Sunday, December 02, 2007

Home on the Strange

Let's conclude our spelunking of the Sunday paper with this whimsical jeremiad about "our" responsibility for the homeless.

When we see the homeless on the streets of our city, failing and vulnerable, we see our own failure and our own vulnerability, our own guilt for failing to care for them.

These are things we don't want to see. These are things that frighten and shame us. So what do we do?

We strike out at the victims.

We call them names.

We decry them for defecating in the streets and leaving needles in the park, without bothering to ask ourselves what public policies brought them to such a degraded position.

And having properly demonized them in this way, we try desperately to get rid of them, to get them out of sight.


I am not entirely unsympathetic to the broad-brush plight of the homeless, though this sort of burbling piffle certainly taxes my patience. It's the language of victimology, spun through a funhouse mirror. How the hell does someone who deals drugs, shoots up in the park, and takes a fucking dump on the sidewalk count as a "victim"?

How about the taxpayers, hm? What about the person who owns a small business, has their hands full just running that and dealing with customers, inventory, taxes, employees, slow sales cycles and such, and the drunk asshole harassing potential customers for money right outside the door? How about the person who gets up every morning, goes to a job they hate so that they can keep a roof over their head and support a family, and has to step around people fighting or sleeping near their doorstep? How about a family that wants to take their kids to a park to barbecue some burgers and play frisbee, and not watch people sleep and shoot up and have sex? Aren't those people victims?

Human rights and dignity are obviously important, indeed vital to every individual's functional stability, and thus to the people whom we affect. A variety of programs have been attempted in San Francisco, for years, with very little to show for it. I feel somewhat unencumbered by not having to belabor this "we are all perfect images of God" stuff. Some people, I'm sorry to say, are just no damned good, as the prophet John Mellencamp pointed out eons ago.

Strolling over to a 7-Eleven in her Outer Sunset neighborhood to buy a candy bar in the wee hours of the morning of Nov. 21, the 26-year-old German exchange student noticed Robert Hancock, a 23-year-old drifter from Iowa. Hancock - who "has no permanent local address," according to the police - looked pretty bedraggled. Rucker felt sorry for him and, on an impulse, decided to buy him something to eat.

Hancock reportedly accepted the food, but began to follow Rucker. He tried to talk to her, but Rucker, who is more comfortable speaking German, says she had trouble understanding him.

Unprovoked, Hancock allegedly grabbed her and tried to pull her toward Ocean Beach. Police say she screamed and fought him, which is when he allegedly pulled a knife and stabbed her in the wrist, neck, thigh, abdomen and chin - wounds that would send her to the hospital for a week.

Luckily, her screams attracted neighbors who called the police. Sgt. Fitz Wong and Officer Jarome Winesberry responded, located Hancock, and after what Taraval police Capt. Paul Chignell calls "a violent struggle," he was subdued. The officers found a bloody knife in Hancock's pocket, police say.

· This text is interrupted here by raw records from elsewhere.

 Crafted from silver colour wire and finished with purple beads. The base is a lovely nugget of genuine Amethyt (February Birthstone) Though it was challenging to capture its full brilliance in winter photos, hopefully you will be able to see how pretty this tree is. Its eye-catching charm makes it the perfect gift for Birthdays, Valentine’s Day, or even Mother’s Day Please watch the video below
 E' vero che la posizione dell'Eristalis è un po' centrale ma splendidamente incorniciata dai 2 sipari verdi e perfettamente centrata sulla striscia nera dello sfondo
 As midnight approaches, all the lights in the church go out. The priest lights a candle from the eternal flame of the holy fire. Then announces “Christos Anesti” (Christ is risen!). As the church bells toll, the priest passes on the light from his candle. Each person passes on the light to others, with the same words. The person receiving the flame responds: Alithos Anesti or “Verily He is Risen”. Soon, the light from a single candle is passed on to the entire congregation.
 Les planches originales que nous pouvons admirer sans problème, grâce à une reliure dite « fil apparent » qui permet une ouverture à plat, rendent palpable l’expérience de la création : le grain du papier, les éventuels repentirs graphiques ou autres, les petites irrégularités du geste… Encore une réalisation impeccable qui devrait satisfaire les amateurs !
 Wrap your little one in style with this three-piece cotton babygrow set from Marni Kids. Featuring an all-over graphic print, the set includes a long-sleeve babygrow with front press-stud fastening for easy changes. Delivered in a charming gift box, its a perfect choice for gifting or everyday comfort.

Now, this woman gets no points for common sense by trudging alone to an urban 7-11 "to buy a candy bar in the wee hours of the morning". That's not terribly bright. But what sort of a person bums food from someone and then tries to forcibly rape them? I suppose he now has plenty of time to think about that, but what brings this character all the way out from Iowa? The knowledge that in Frisco, they'll give you three squares and make the taxpayers feel bad about it? That there are people whose sole raisin detree is to "advocate" for your right to free shit?

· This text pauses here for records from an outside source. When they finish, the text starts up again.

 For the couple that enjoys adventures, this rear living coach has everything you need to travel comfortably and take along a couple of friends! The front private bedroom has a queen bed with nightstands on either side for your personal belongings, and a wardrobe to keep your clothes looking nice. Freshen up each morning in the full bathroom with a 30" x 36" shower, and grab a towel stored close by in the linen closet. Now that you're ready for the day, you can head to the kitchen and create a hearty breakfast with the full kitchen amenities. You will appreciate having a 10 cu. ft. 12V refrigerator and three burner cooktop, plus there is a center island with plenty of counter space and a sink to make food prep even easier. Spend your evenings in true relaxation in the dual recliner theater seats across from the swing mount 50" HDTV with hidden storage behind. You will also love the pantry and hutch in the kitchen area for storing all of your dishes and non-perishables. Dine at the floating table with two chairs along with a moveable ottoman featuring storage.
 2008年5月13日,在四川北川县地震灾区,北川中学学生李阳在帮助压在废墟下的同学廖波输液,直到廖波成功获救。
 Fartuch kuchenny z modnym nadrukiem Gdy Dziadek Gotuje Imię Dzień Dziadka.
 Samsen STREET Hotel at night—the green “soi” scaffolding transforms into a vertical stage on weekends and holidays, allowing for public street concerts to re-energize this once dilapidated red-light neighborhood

We know very well what will work: more housing, more public mental health and substance abuse centers, more job training programs.

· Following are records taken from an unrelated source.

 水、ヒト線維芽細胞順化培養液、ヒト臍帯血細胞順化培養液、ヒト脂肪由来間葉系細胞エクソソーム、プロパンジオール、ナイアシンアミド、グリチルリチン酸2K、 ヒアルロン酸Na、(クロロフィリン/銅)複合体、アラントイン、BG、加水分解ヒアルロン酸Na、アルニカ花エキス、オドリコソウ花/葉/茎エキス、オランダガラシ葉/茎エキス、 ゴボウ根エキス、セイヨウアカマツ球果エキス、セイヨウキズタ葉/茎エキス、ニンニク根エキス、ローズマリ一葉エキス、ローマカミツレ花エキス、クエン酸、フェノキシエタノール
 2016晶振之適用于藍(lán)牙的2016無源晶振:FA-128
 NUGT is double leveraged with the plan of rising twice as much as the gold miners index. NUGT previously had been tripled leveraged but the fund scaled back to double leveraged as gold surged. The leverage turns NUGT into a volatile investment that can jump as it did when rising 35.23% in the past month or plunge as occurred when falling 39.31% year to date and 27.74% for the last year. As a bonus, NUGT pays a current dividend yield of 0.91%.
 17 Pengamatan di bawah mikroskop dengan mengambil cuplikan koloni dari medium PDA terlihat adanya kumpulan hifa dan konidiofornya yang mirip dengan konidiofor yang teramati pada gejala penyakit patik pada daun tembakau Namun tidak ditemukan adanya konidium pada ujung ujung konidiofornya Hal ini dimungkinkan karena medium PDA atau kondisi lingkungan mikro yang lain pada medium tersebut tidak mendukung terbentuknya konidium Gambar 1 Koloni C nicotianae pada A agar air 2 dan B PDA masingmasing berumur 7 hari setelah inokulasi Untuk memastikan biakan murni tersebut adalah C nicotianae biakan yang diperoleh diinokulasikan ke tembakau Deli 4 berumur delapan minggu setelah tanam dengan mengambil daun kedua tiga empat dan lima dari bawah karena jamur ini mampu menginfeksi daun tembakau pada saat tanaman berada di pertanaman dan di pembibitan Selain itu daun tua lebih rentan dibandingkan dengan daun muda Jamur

Well hell, while they're at it, they can come on over and raid my refrigerator, drink my beer, and fuck my sister. And come on, "job training" basically means teaching people how to dress and be punctual; we're not talking about enhancing skill sets for that tech career you always wanted to bounce into if the crack-head thing don't pan out.

I don't have a problem with spending tax dollars to offer these people an opportunity to get their shit together. But there are already plenty of those sorts of programs for people who really want it, and if those programs are going to be ramped up, it should come out of somewhere else in the budget. I have my own family to support, and it's hard enough as it is.

At some point, we are going to have to choose between our oil-guzzling empire and a more comprehensive social safety net; we cannot have both guns and butter. And this would be a fine use of the peace dividend, to push the homeless into something better than a life in the gutter, and returning quality of life to the people who actually live and play by the rules.

In the meantime, trying to guilt-trip people for being tired of syringes in sandboxes and doo-doo in doorways is just insulting and tiresome, and is not going to change the minds of people who work just so they can share in the bien pensant squalor. It is not "irrational" or "misdirected" for people to just be sick and goddamned tired of this sort of behavior. Perhaps the good rabbi can grant these sacred children of God sanctuary in his synagogue. Problem solved.